Dari pemesanan transportasi, transaksi e-commerce, hingga pembayaran digital, hampir semua aplikasi modern mengandalkan API yang saling terhubung. Sifatnya yang terbuka membuat API menjadi sasaran empuk bagi pelaku kejahatan siber.
Dalam Media Roundtable F5, Country Manager F5 Indonesia, Surung Sinamo, menekankan bahwa API kini merupakan tulang punggung modern application dan penggerak operasional AI.
“API itu sebenarnya adalah backbone dari modern application. Di belakang semua aplikasi yang kita pakai, semuanya menggunakan API,” ujarnya.
Risiko Besar dari Shadow API dan Malware
Ancaman keamanan API tidak hanya teori. Studi terbaru F5, 2025 Strategic Imperatives: Securing APIs for the Age of Agentic AI in APAC, mengungkapkan banyak organisasi Indonesia sadar pentingnya keamanan API, namun minim tim pengawas maupun mekanisme proteksi memadai.
Fenomena Shadow API dan Zombie API menjadi masalah nyata: API yang dibuat untuk kebutuhan tertentu, namun tidak dinonaktifkan, berpotensi menjadi celah serangan.
Surung mencontohkan sejumlah insiden besar di Indonesia, mulai dari kebocoran data instansi pemerintah hingga serangan ransomware, yang bersumber dari eksploitasi API yang tidak terlindungi. API yang tidak memiliki spesifikasi keamanan jelas memudahkan penyerang menyisipkan malware melalui payload berbahaya.
“Jika API tidak memiliki aturan dan tidak dikelola dengan baik, penyerang bisa memasukkan data berbahaya melalui API, dan inilah yang menyebabkan banyak kebocoran data saat ini,” jelasnya.
Agentic AI Memperluas Risiko API
Agentic AI memiliki kemampuan merencanakan dan mengeksekusi tugas secara otomatis tanpa intervensi manusia. Kecanggihan ini justru memperbesar risiko, karena AI agent dapat mengakses berbagai platform, mulai dari reservasi hotel hingga transaksi keuangan. Tanpa kontrol ketat, AI bisa mengambil keputusan yang salah atau menyebarkan aksi berbahaya.
“Bedanya Agentic AI, dia tidak hanya menjawab pertanyaan. Dia bisa merencanakan dan mengeksekusi hingga menghasilkan output. Karena dia bersifat autonomous, risikonya jauh lebih besar kalau tidak dikontrol,” kata Surung.

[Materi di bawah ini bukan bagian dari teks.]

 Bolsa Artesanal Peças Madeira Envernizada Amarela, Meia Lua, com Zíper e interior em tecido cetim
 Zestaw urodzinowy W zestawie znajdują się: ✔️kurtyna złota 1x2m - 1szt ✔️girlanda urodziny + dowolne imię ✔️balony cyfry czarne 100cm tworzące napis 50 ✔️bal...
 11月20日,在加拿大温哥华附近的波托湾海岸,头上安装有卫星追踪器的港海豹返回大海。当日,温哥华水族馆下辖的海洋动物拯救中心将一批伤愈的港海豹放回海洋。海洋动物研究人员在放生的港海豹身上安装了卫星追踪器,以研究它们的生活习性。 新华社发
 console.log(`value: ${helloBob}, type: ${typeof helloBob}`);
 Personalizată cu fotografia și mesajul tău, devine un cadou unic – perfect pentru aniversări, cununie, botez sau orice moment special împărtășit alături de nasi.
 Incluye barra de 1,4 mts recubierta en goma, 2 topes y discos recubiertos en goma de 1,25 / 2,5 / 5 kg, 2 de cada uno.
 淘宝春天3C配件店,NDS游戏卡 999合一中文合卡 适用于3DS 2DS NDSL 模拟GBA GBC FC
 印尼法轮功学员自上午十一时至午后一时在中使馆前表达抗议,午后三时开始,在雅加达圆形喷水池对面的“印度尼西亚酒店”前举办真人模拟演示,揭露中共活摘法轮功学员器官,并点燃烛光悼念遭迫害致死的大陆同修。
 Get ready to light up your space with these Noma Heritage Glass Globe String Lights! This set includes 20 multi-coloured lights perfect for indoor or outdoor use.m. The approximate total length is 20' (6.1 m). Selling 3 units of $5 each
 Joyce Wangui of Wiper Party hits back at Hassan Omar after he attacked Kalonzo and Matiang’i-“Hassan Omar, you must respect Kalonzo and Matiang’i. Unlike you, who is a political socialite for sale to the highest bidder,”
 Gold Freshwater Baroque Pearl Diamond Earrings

F5 menemukan empat kesenjangan utama di Indonesia: kurangnya visibilitas API, ownership yang terfragmentasi, keamanan yang diterapkan belakangan, dan potensi eksploitasi oleh Agentic AI.
Banyak perusahaan tidak memiliki inventaris API lengkap, sehingga ketika terjadi insiden, tanggung jawab sering jatuh pada CISO atau Data Privacy Officer, meski bukan pemilik API.

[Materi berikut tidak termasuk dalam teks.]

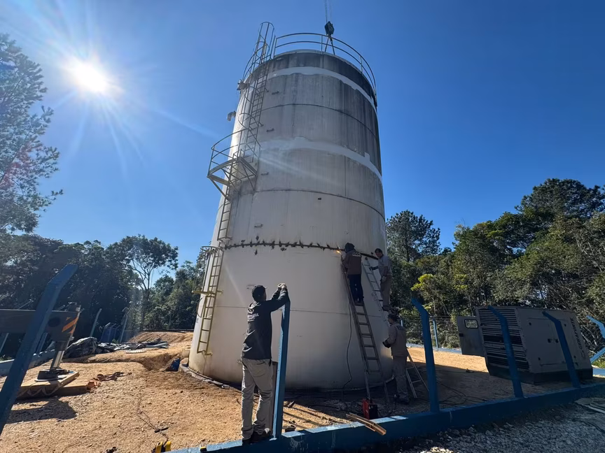 Nos próximos dias, os trabalhos seguem com a soldagem das conexões e, na sequência, será feita a aplicação da pintura interna, utilizando o revestimento adequado para garantir a qualidade da água armazenada. Após isso, será iniciado o processo de testes de reservação, que tem como objetivo verificar possíveis vazamentos antes da estrutura entrar em operação.
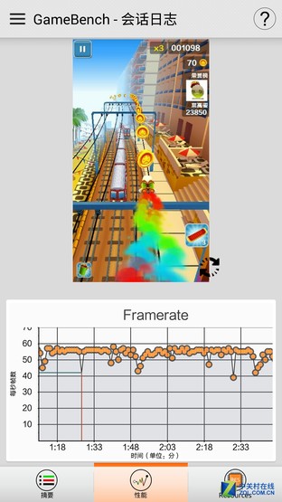 首先选择当前女性朋友热玩的中小型游戏进行测试;上图依次为开心消消乐和地铁跑步在GameBench监测下的平均帧数。从监测数据上来看,朵唯A8在运行中小游戏时,平均维持在50帧左右;而且游戏过程中,无卡顿掉帧的情况出现,中小型游戏对于朵唯A8没有挑战性。
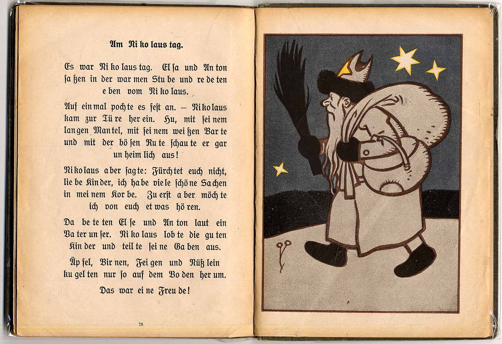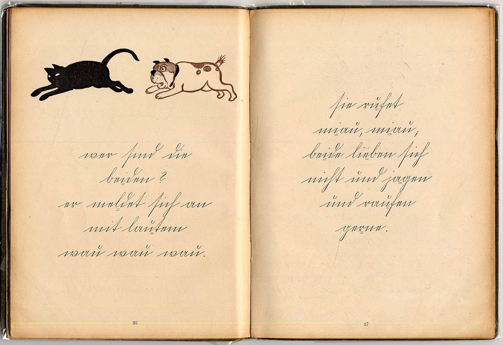 Münchener Fibel. Erstes Lesebuch für die Volksschulen Münchens. Hrsgg. im Auftrage der Lokalschulkommission. 2. Auflage. München, Carl Schnell, [1906]. Ca. 22,5 x 15,5 cm. 78 S., (2) Seiten. Mit farbigen Illustrationen von Adolf Hengeler. Orig.-Halbleinenband. Besitzvermerk auf Innendeckel und Titelblatt. Seiten papierbedingt etwas gebräunt, teils mit kleinen hinterlegten Randeinrissen. Teistler 2423.1; May/Schweitzer 97: ‚Die schwungvollen Fibelillustrationen Adolf Hengelers haben mit der ‘Ästhetik des Jugendstils, wie er in den Fibeln der Zeit vorherrscht, gebrochen. Hengeler knüpft an eine andere Tradition an: vor allem will er lustig sein, die Kinder zum Lachen bringen.’ Der von Hengeler illustrierten Einband zeigt das Münchner Kindl.
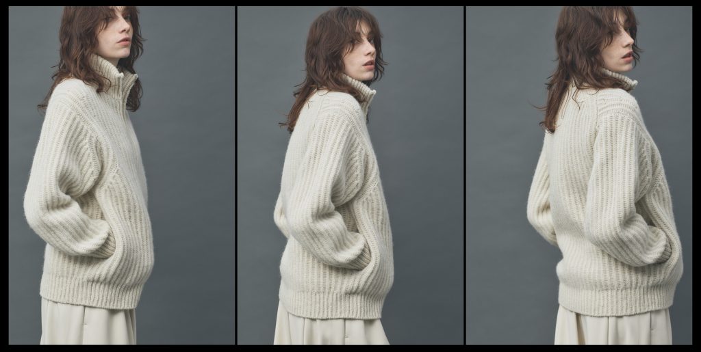 ポケットはスラッシュポケットでミニマルなデザインにすることでプルオーバーやカーディガンとして着用したときのバランスにもこだわっています。
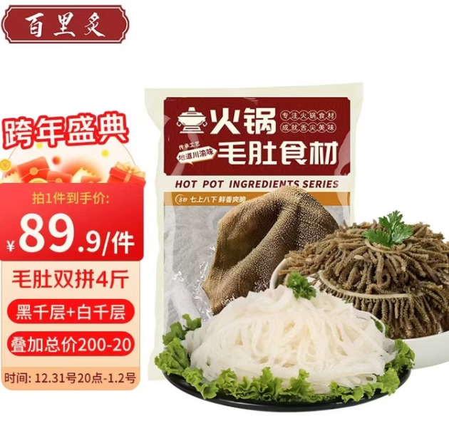 折19.9元/斤!百里炙 火锅千层毛肚4斤(黑毛肚+白毛肚)*2件
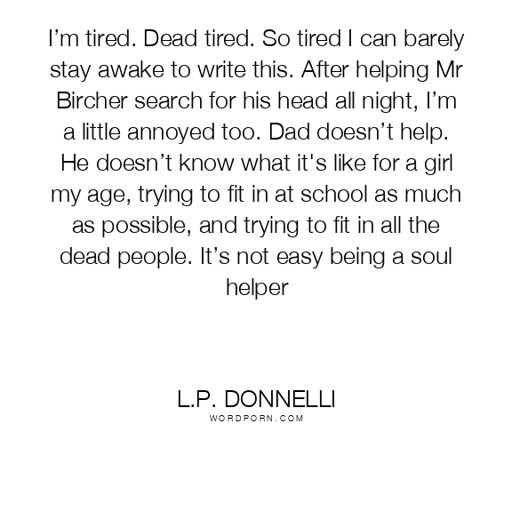 I’m tired. Dead tired. So tired I can barely stay awake to write this. After helping Mr Bircher search for his head all night, I’m a little annoyed too. Dad doesn’t help. He doesn’t know what it's like for a girl my age, trying to fit in at school as much as possible, and trying to fit in all the dead people. It’s not easy being a soul helper
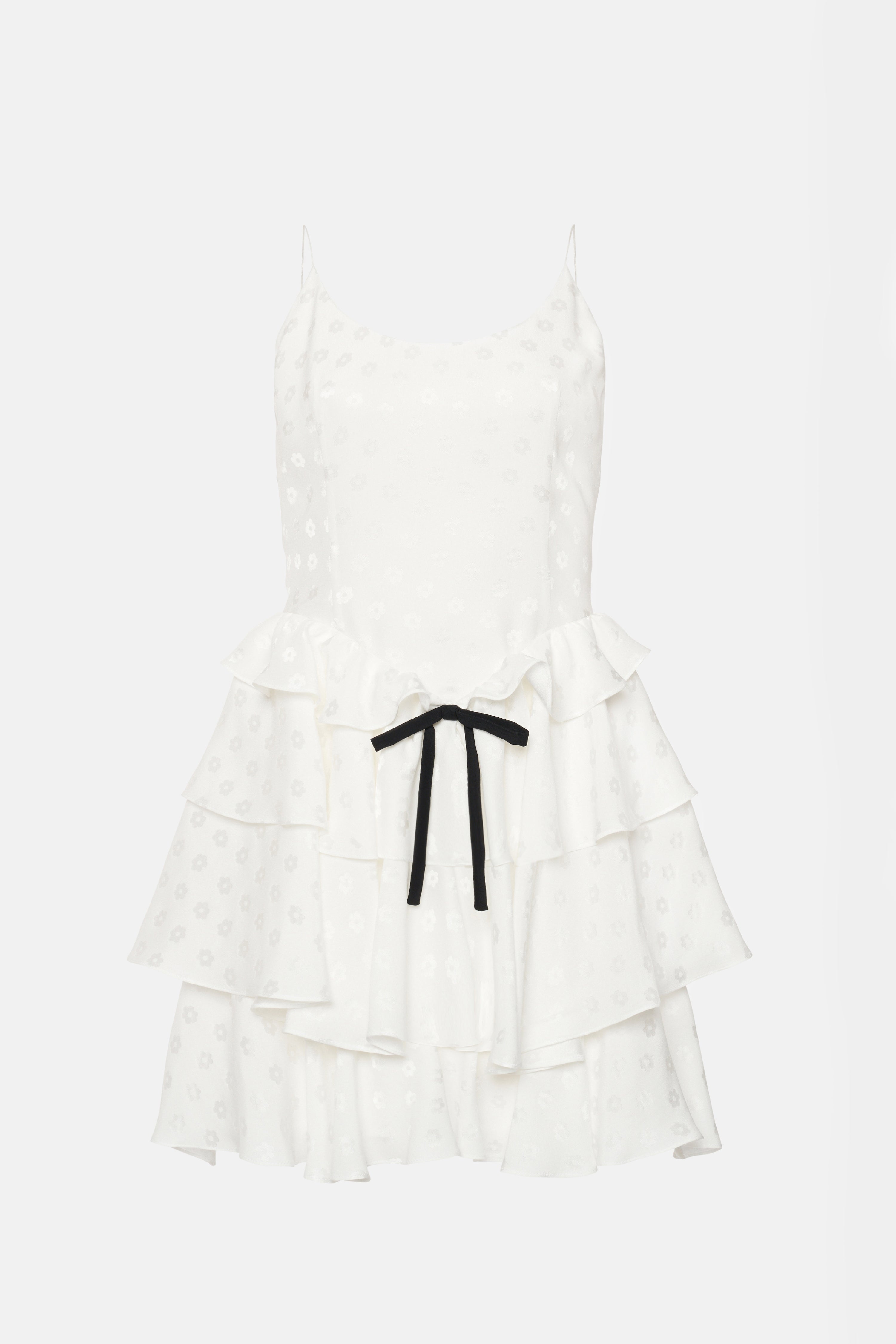 Open back flowers silk jacquard mini dress Composition 100% silk Bow: 100% silk Lining: 100% polyester Colour: white Made in Italy Product code: FABX4194 F4607 0822

Selain itu, API baru biasanya dites setelah aplikasi berjalan, sehingga celah baru lebih mudah dimanfaatkan pihak berbahaya. Agentic AI yang bisa memanggil API secara mandiri semakin memperlebar celah tata kelola dan eksposur risiko.
Sektor Siap dan Solusi Platform Terpadu
Sektor perbankan menjadi contoh yang paling siap menghadapi risiko ini, karena sudah lama mengandalkan API untuk layanan open banking dan transaksi lintas platform.
Namun sektor lain, termasuk pemerintahan dan industri non-keuangan, tingkat kematangannya masih tertinggal. Surung menekankan banyak perusahaan tidak memiliki inventaris API yang lengkap, sehingga kesadaran dan kontrol keamanan masih minim.
Untuk menghadapi kompleksitas Agentic AI, F5 menyoroti kebutuhan platform keamanan API terpadu. Platform ini harus mampu melakukan discovery otomatis, dokumentasi spesifikasi API, deteksi anomali berbasis AI, serta proteksi runtime di seluruh lingkungan, baik on-premise, cloud, maupun edge. Pendekatan parsial atau tradisional dinilai tidak lagi relevan menghadapi kecepatan evolusi teknologi AI.
Dengan adopsi AI yang terus meningkat, pengawasan API menjadi prioritas kritis. Tanpa perlindungan memadai, seluruh ekosistem digital, mulai dari aplikasi e-commerce hingga layanan publik, berada dalam risiko tinggi. Perlindungan API bukan lagi sekadar aspek teknis, tetapi faktor strategis untuk keamanan dan keberlanjutan bisnis di era Agentic AI.